Music as a personal quest
Interview with Clara Soccini

Smiling and expansive, Clara adjusts her mesh top as she sinks into the green chair in our recording room. She is born in '99 and is very tall. She looks tiny as she dips into the green velvet lawn, straightens up and looks at me. Clara Soccini is Origami all'Alba, CrazyJ, Mare Fuori, Varese, Milano and Gen Z, Clara above all and we remembered it together when we started talking. Her look, with a destroyed-effect jumper and parachute jeans, evokes a warrior who wants to make her way in the world she desires, the world of art. But to better understand this deep love, we have to take a step back, we have to put ourselves in the streets of a small village in Lombardy, imagine a house, a warm light and two children playing. «My first memory related to music is the baby bottle I uncorked as a child and used as a microphone while being filmed by my brother.» Her dream has always been to sing, and after the first ban in 2020 she found refuge in a studio to start making music, «then one day I got a call from Ivan Silvestrini, the director of Mare Fuori, telling me he was interested in having me as one of the leads in the third season, which will be CrazyJ.» Clara does not know it yet, but her song Origami at dawn, which premiered in the final episodes of Mare Fuori season 3, has been awarded a gold record. The single, which debuted at number 5 on Spotify Italy, is holding steady on Spotify Italy's charts several weeks after its release with more than 12 million streams. The song, written by Clara herself in collaboration with Matteo Paolillo and produced by Lolloflow, is about the intentional but equally painful end of a relationship and trying to preserve the goodness of those you love. «The song is about me in every way, but it's also about CrazyJ and Mare Fuori. It was a great experience, I'll always carry it with me and it opened up so many possibilities. There's a glimmer of hope in the lyrics, this light that's also kind of the meaning of Mare Fuori, which is to never give up.»

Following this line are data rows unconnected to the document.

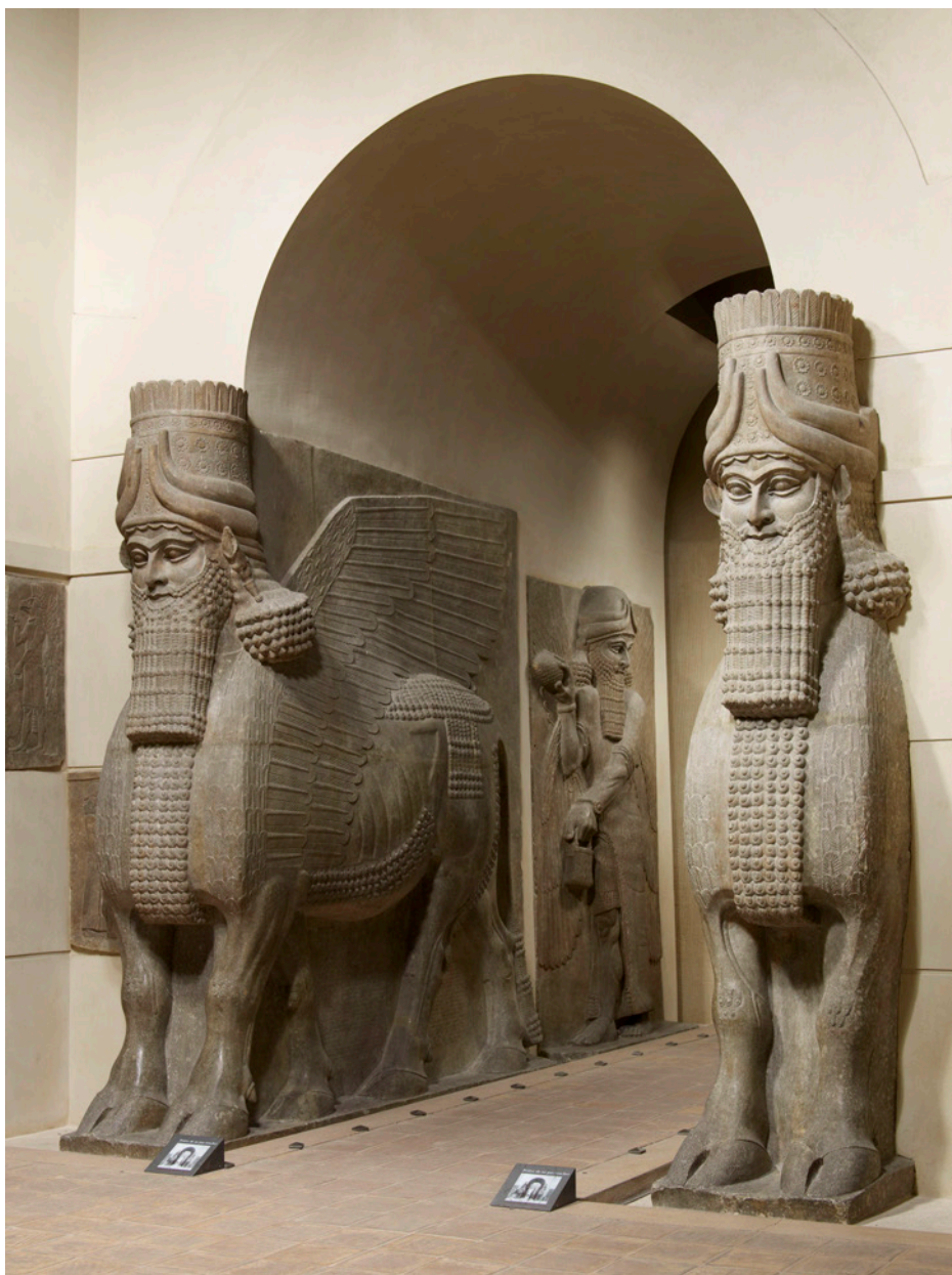
Figure 3. Assyrian shedû or lamassu , winged bulls who guard gateways, relocated from northern Iraq to museums in London and Paris during the 1850s.
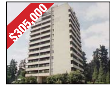
707-4194 MAYWOOD ST
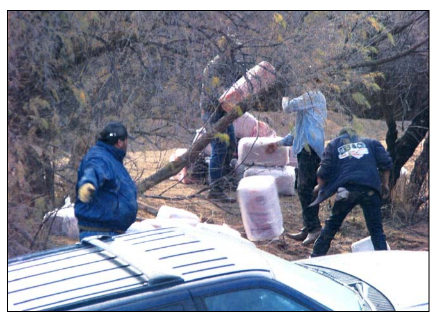
Cartel members unloading drugs after failed attempt at U.S. entry during alleged military incursion January 23, 2006

On January 25, 2006, the Ambassador sent a Diplomatic Note to the Mexican Government regarding the January 23, 2006 border incursion in Hudspeth County, Texas. Ambassador Garza requested the Mexican government fully investigate the January 23 incident in which individuals dressed in military uniforms, carrying military-style weapons, and using military vehicles intervened to prevent a drug shipment from being intercepted by U.S. law enforcement operating in the United States.<sup>71</sup>
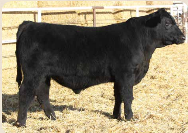
BSR BARKER RB LF478 Sells as Lot 62.
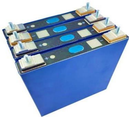
Fig -2: Lithium-ion battery of 60v/70Ah

The battery we used is a Lithium-ion battery. Lithium-ion batteries reign supreme in electric vehicles (EVs) due to several key characteristics that perfectly complement the demands of electric propulsion.
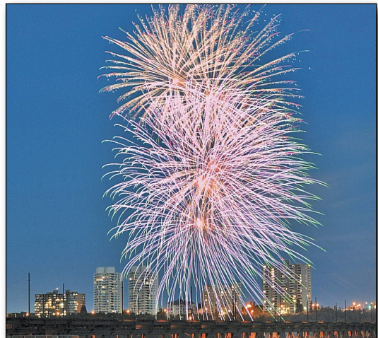
8. Watch fireworks on Canada Day, July 1.
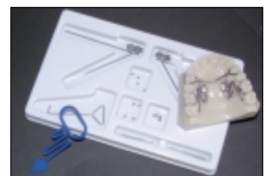
Fast Back Expansor Kit
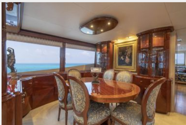
Main Salon Formal Dining
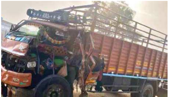
CHIVEMLA (SURYAPET)
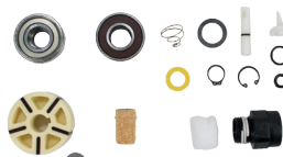
AirVANTAGE Overhaul Kit AVA0852
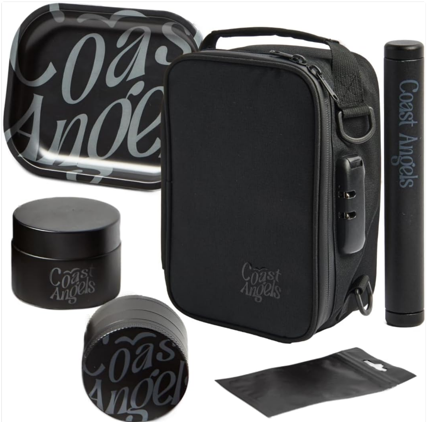
Figure 2: Overview of the COAST ANGELS Smell Proof Bag and its accompanying accessories.
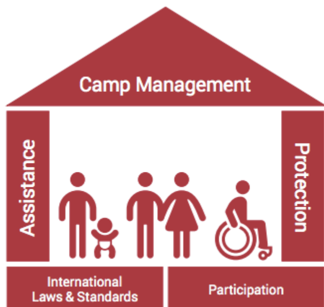
Camp Management House

A number of guidance documents, tools and other resources are available to support the implementation of CCCM in the field, to access these documents please reference the entry on Guidance Documents and Tools for Camp Coordination and Camp Management
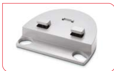
The seca 437 adapter element connects the stadiometer to a flat scale.
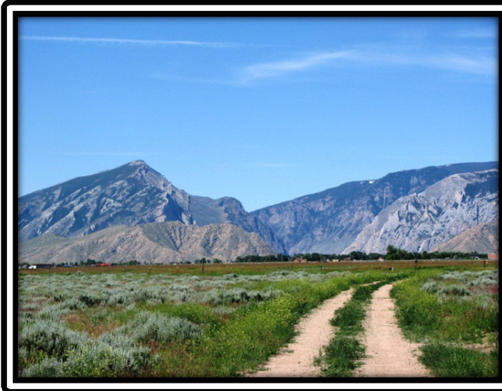
Clarks Fork Canyon
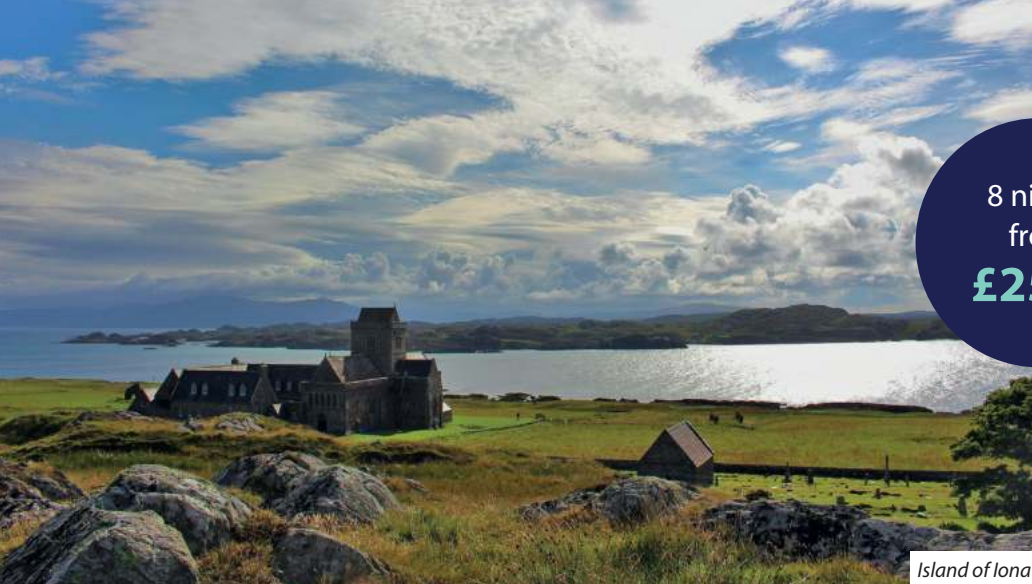
Island of Iona

Before Origami all’alba was Il tempo delle mele, as the cover of the song suggests. The lyrics are inspired by Claude Pinoteau's film, an indelible icon of the 1980s that manages to describe a transitional phase from childhood to adulthood after the dictates and neon aesthetics of those years. «My personal tempo delle mele is when I was little. The carefree attitude I still have today and growing up made me approach reality differently.» A reality that, in a short space of time, got Clara thinking about the power of music and the expressiveness that this art, this medium, can bring to a generation that, above all, feels the need to express itself. «It's beautiful because I can express myself 100 per cent. I want to make people feel better understood and less alone. My music is personal because I put everything I experience into it. As difficult as it is, I also like to tell what I see from the outside, like other people's situations and stories.»